A groundbreaking study from Japan has revealed that molecules commonly found in trendy anti-aging treatments may inadvertently feed cancer cells, raising significant health concerns. Polyamines, natural compounds present in all living cells, are celebrated for triggering autophagy—the body's essential cellular cleanup process where damaged components are broken down and reused.
The Double-Edged Sword of Cellular Cleanup
By recycling damaged cell parts, autophagy plays a crucial role in destroying pathogens and eliminating cellular debris that can slow overall bodily performance. As aging progresses, autophagy naturally decreases, leading to an accumulation of cellular 'junk.' To counteract this decline, many anti-aging skincare products and dietary supplements incorporate polyamines, particularly specific subsets known as spermidine and putrescine.
Previous research has linked these polyamines to extended lifespans and reductions in age-related memory decline, making them popular ingredients in wellness regimens. However, the 2025 study conducted by experts at the Tokyo University of Science presents a starkly different narrative, suggesting that spermidine and other polyamines may heighten the risk of cancer metastasis.
Laboratory Findings on Cancer Progression
In their meticulous investigation, researchers took lab cultures of cervical and breast cancer cells and deliberately depleted them of polyamines. After manually restoring the polyamines using spermidine, they analyzed over 6,700 proteins and uncovered a troubling mechanism. Polyamines were found to activate glycolysis, a process that rapidly converts glucose into energy, thereby driving cancer progression instead of supporting healthy aging pathways.
Furthermore, polyamines increase the expression of certain proteins, including the protein EIF5A2, which has been strongly associated with cancer spread. The team discovered that EIF5A2 stimulation is typically suppressed by an RNA molecule called miR-6514-5p. However, polyamines interfere with this natural suppression, allowing EIF5A2 levels to rise and promoting unchecked cancer cell growth.
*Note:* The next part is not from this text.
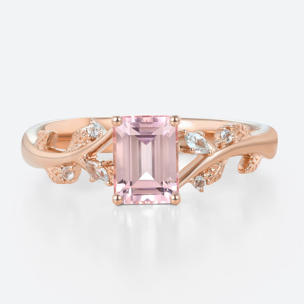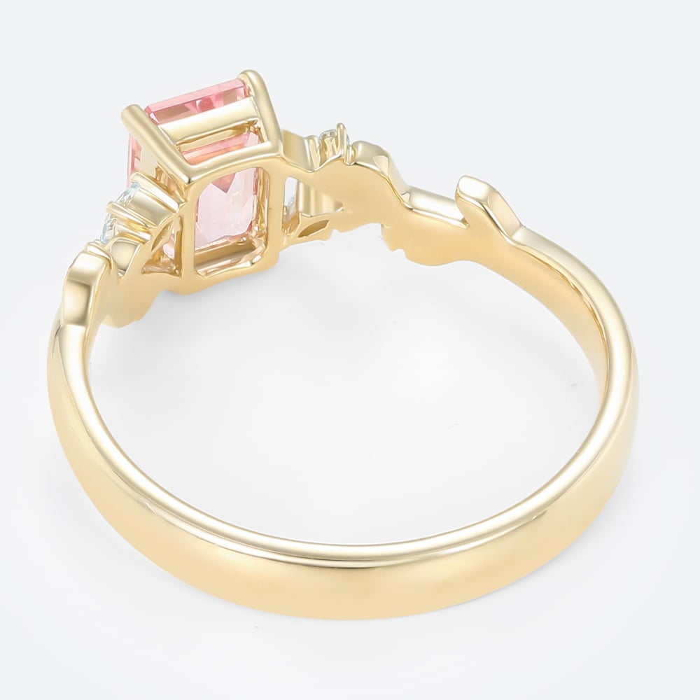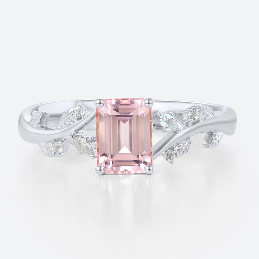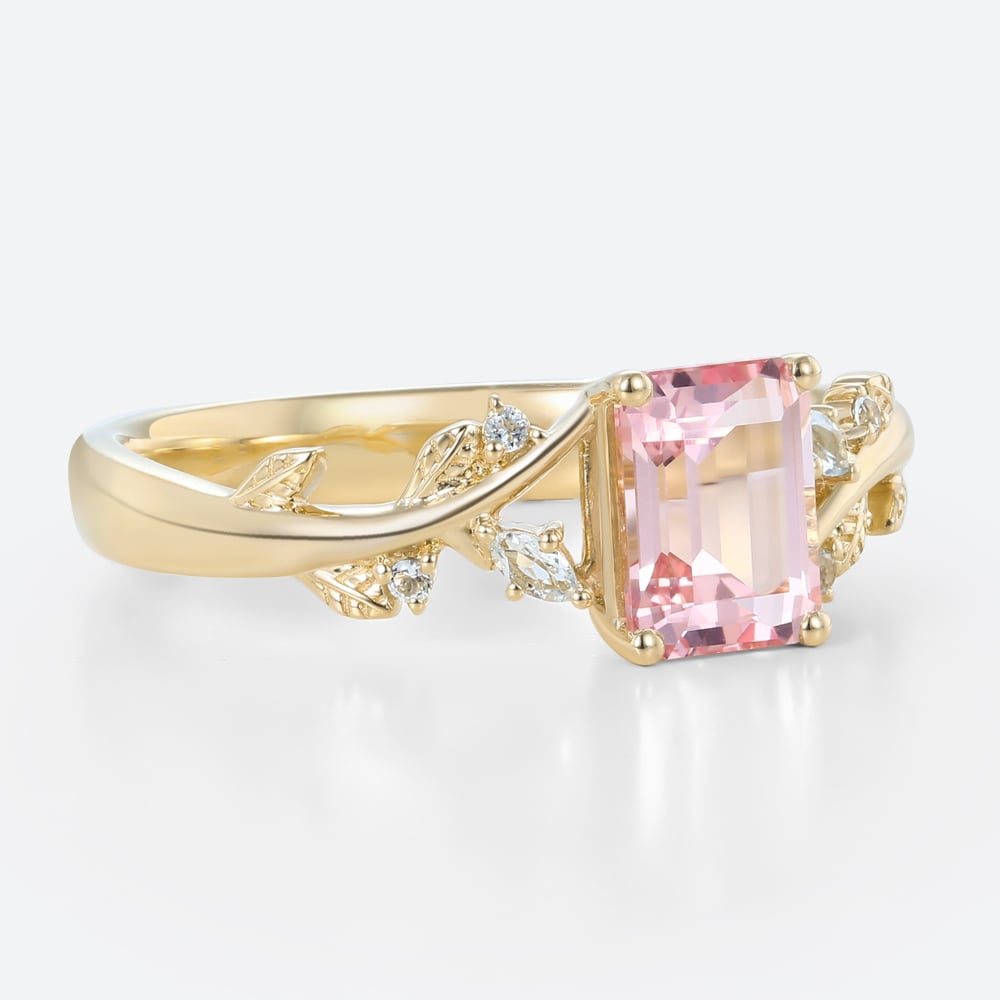 Emerald Cut Morganite Botanical Engagement Ring with Aquamarine Accents in Yellow Gold

Implications for Cancer Statistics and Treatment
The researchers noted in their study, published in the Journal of Biological Chemistry, that 'Changes in polyamine metabolism are correlated with various pathologies, including cancer and age-related conditions.' These findings emerge against a backdrop of alarming cancer statistics. According to the American Cancer Society, approximately 324,000 women are expected to be diagnosed with breast cancer this year, with around 42,000 fatalities. Meanwhile, an estimated 13,000 will be diagnosed with cervical cancer in the US in 2026, resulting in about 4,200 deaths.
Prior to this study, scientists were aware of two forms of the protein ELF5A: ELF5A1, widely expressed in normal tissues, and EIF5A2, which is overexpressed in cancers. However, the reason behind their divergent roles remained unclear. To investigate, the team used human cancer cell cultures, known as HeLa S3 cells, and depleted them of polyamines using drugs that inhibit synthesis. They then restored polyamines by adding spermidine.
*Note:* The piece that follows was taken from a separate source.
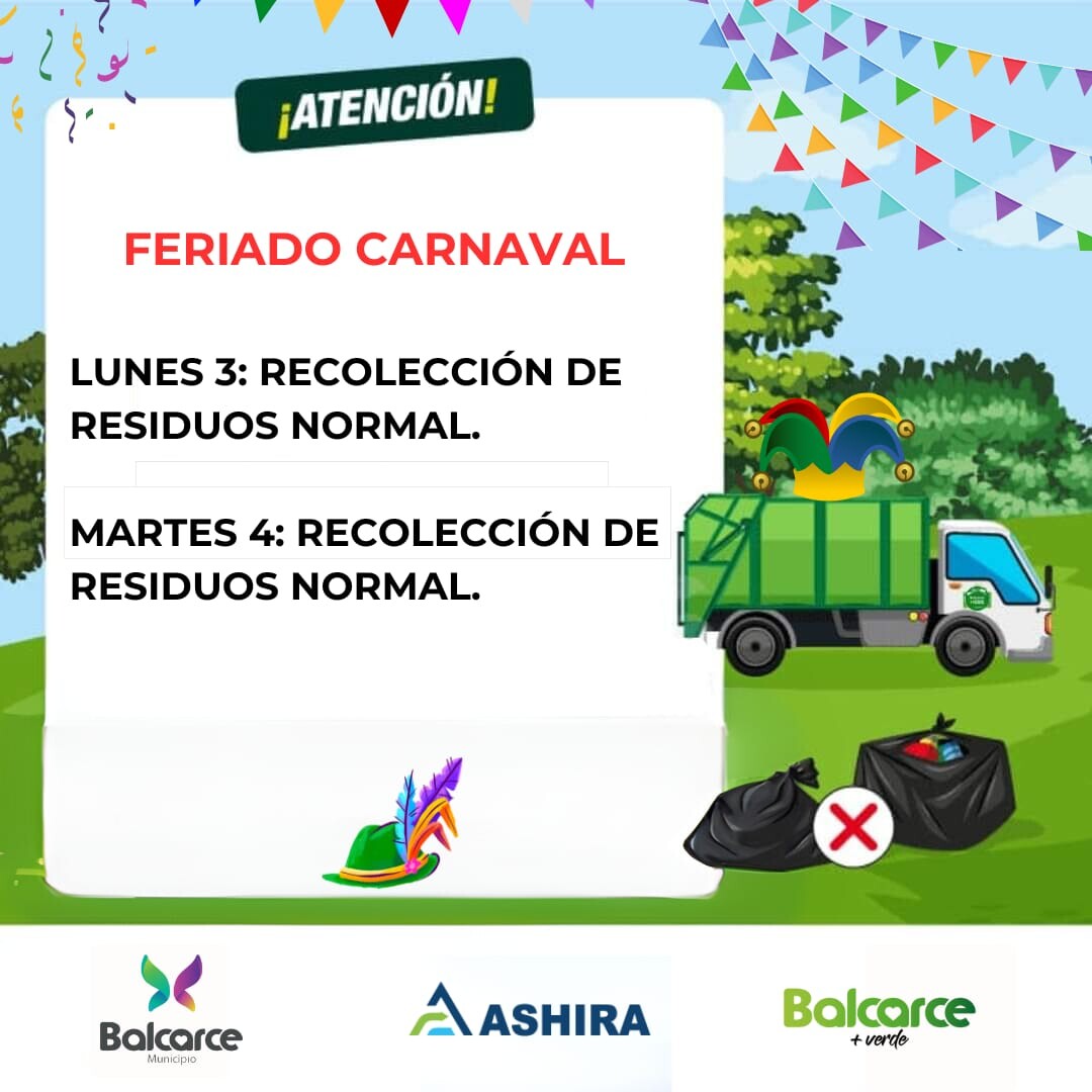 Con el objetivo de garantizar una correcta disposición de los residuos durante el feriado de Carnaval, se informa que la recolección se realizará de manera normal los siguientes días:

Mechanisms of Polyamine Action in Cancer
The research revealed that polyamines activate both ELF5A1 and EIF5A2, but with vastly different outcomes. In ELF5A1, polyamines target the cell's mitochondria and trigger beneficial autophagy. In contrast, in EIF5A2, polyamines inhibit miR-6514-5p, leading to accelerated cancer cell spread and a shift in gene expression toward pathways conducive to cancer growth.
Additionally, polyamines increased the expression of ribosomal proteins, such as RPS27A, RPL36A, and RPL22L1, all of which are linked to tumor aggressiveness and metastasis. Kyohei Higashi, study author and biochemist at the Tokyo University of Science, emphasized, 'The biological activity of polyamines via EIF5A differs between normal and cancer tissues.'
Clarifying the Cancer Connection
The researchers caution that their study does not prove polyamines in general cause cancer. Instead, the results demonstrate that once cancer has initiated, malignant cells can hijack polyamines to enhance their survival and proliferation. This nuanced understanding highlights the complex interplay between aging interventions and cancer risks.
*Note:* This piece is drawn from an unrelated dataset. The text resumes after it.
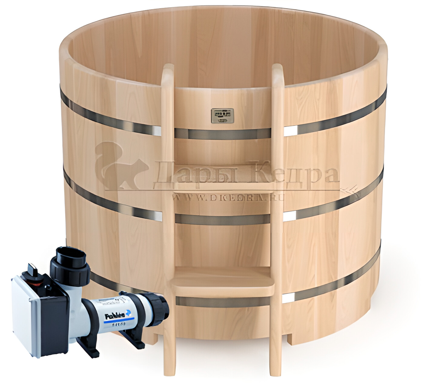 • Купель круглая (Фурако) из кедра с внешним электроподогревом Эта великолепная купель не просто подарит комфорт от водных процедур, но и станет отличной альтернативой джакузи! Пребывание в кедровой купели с электроподогревом очень полезно за счет воздействия на тело теплой воды, обогащенной полезными веществами из алтайского кедра. Необходимо помнить, что электроподогрев служит для поддержания необходимой температуры воды, налитой в купель, а не для ее нагрева! Преимущества овальной купели с пластиковой вставкой в том, что она не занимает много места и как правило её ставят внутрь помещения, поэтому стандартные размеры начинаются от 780 мм, это позволяет занести её в обычный дверной проём, не прибегая к разбору. Внутри кедровой купели с вставкой люди располагаются напротив друг-друга, зрительный контакт во время принятия процедуры делает общение более комфортным. Стандартные размеры от 1 до 2.2 метра, при этом ширина может доходить до 1200 мм. Пластиковая вставка упростит уход за купелью и увеличит срок её службы. Новинка! , новая технология термокрышек позволит защитить купель от условий неблагоприятной среды, а также сохранит необходимую температуру воды на долгое время.

The team also noted that comprehending the roles of EIF5A and miR-6514-5p could pave the way for innovative cancer treatments. They wrote, 'Our findings reveal an important role for eIF5A2, regulated by polyamines and miR-6514-5p, in cancer cell proliferation, suggesting that the interaction between eIF5A2 and ribosomes, which regulate cancer progression, is a selective target for cancer treatment.'
This research underscores the need for further investigation into how polyamines impact genes related to cancer progression, particularly in breast and cervical cancers, where the exact mechanisms remain partially unclear. As anti-aging products continue to gain popularity, these findings serve as a critical reminder of the potential unintended consequences lurking within seemingly beneficial compounds.